Alas, she did not answer my question--she got a ton of them and didn't address my concern: what are the EU and Germany doing in the Baltics?  Given the threat of hybrid warfare--that Putin would stir up trouble in the Russian-speaking populations of Estonia and Latvia--shouldn't the folks with the biggest bags of cash be throwing some of it at the Russian speakers?  That is, give them a clearer/better stake in the status quo, reduce the resentment, and encourage the locals to report to their governments if there is any shenanigans going on. 

Thus far, the answer I can only infer is that the EU and Germany are not doing this.  It is bad enough that some folks are still abiding by the NATO-Russia Founding Act (that created a new council in which Russia could participate in exchange for NATO not basing troops in the east) even though that act is, how shall I say it, ....

Dead
Dead
Dead!!!!!

Indeed, one of my greatest frustrations in my short time in Europe this week is that there seem to be plenty of people who think not much has changed.  Well, they are right for the wrong reasons--Russia has been futzing around in neighboring states at the expense of the sovereignty/human rights/etc of those places since .... 1991.  I was pleased and surprised that one of the speakers this week started with Nagorno Karabak, which was taken by Armenia in a fit of irredentism but abetted by Russia.  Transnistria came a bit later and then Abkhazia, South Ossetia and now Crimea and Ukraine. 

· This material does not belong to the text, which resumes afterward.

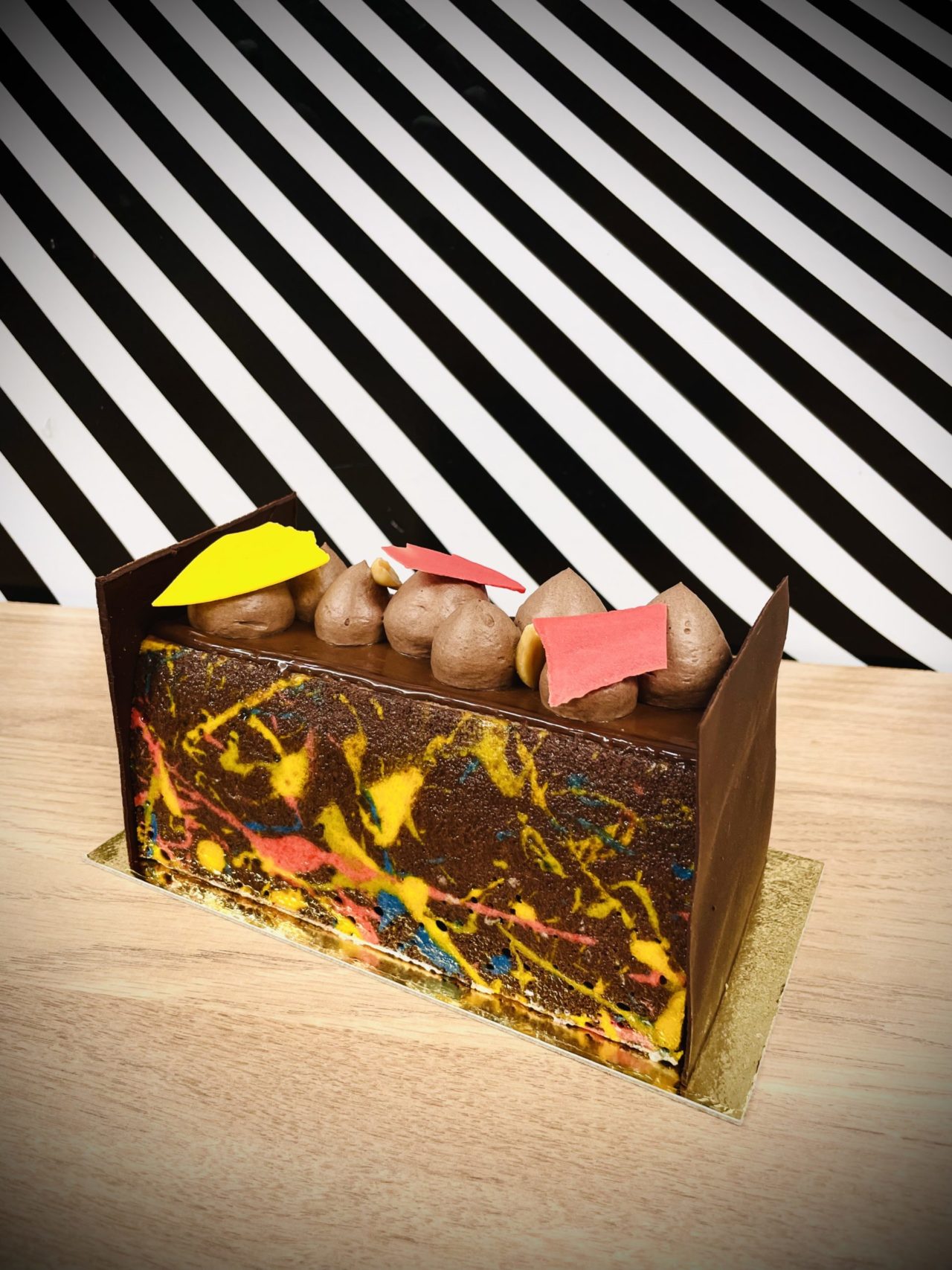 Composée d’une mousse au chocolat noir, d’un crémeux beurre de cacahuète, d’un praliné cacahuète et d’un croustillant cacahuète. L’ensemble habillé d’un biscuit Joconde au chocolat avec des splash de couleur en pâte à cigarette russe.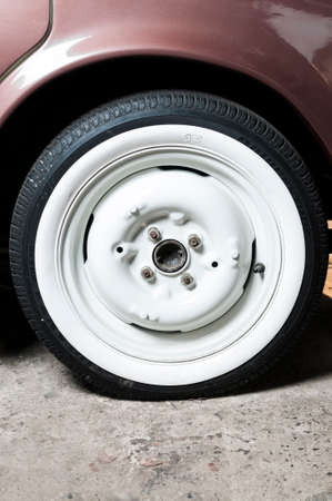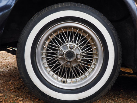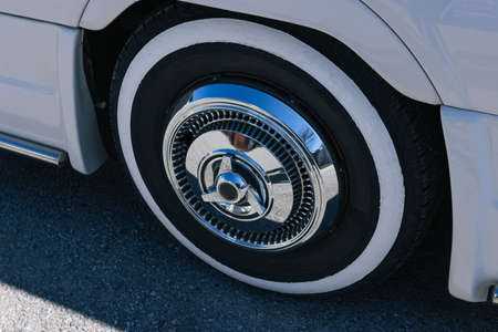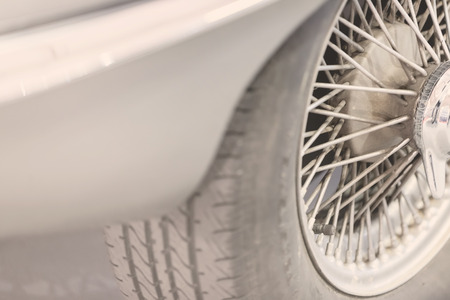 Wheel of an old classic retro car at an exhibition of vintage cars

Perhaps Germans don't mind Russia's tossing out the Helsinki Accords (no violent border changes in Europe) since German irredentism reunification was somewhat counter to the intent of Helsinki.  Anyhow, in conversations at the conference and at NATO, it has become clear that concern with Russia is curvilinear--those closest and furthest (US/Canada) are far more serious than those in between (Germany, France). 

I have some ideas about what we should do, but I don't want to spoil a potential op-ed.  If it does not get published, I will post it here.  But the basic idea is that if multilateralism does not work, then let's try some minilateralism.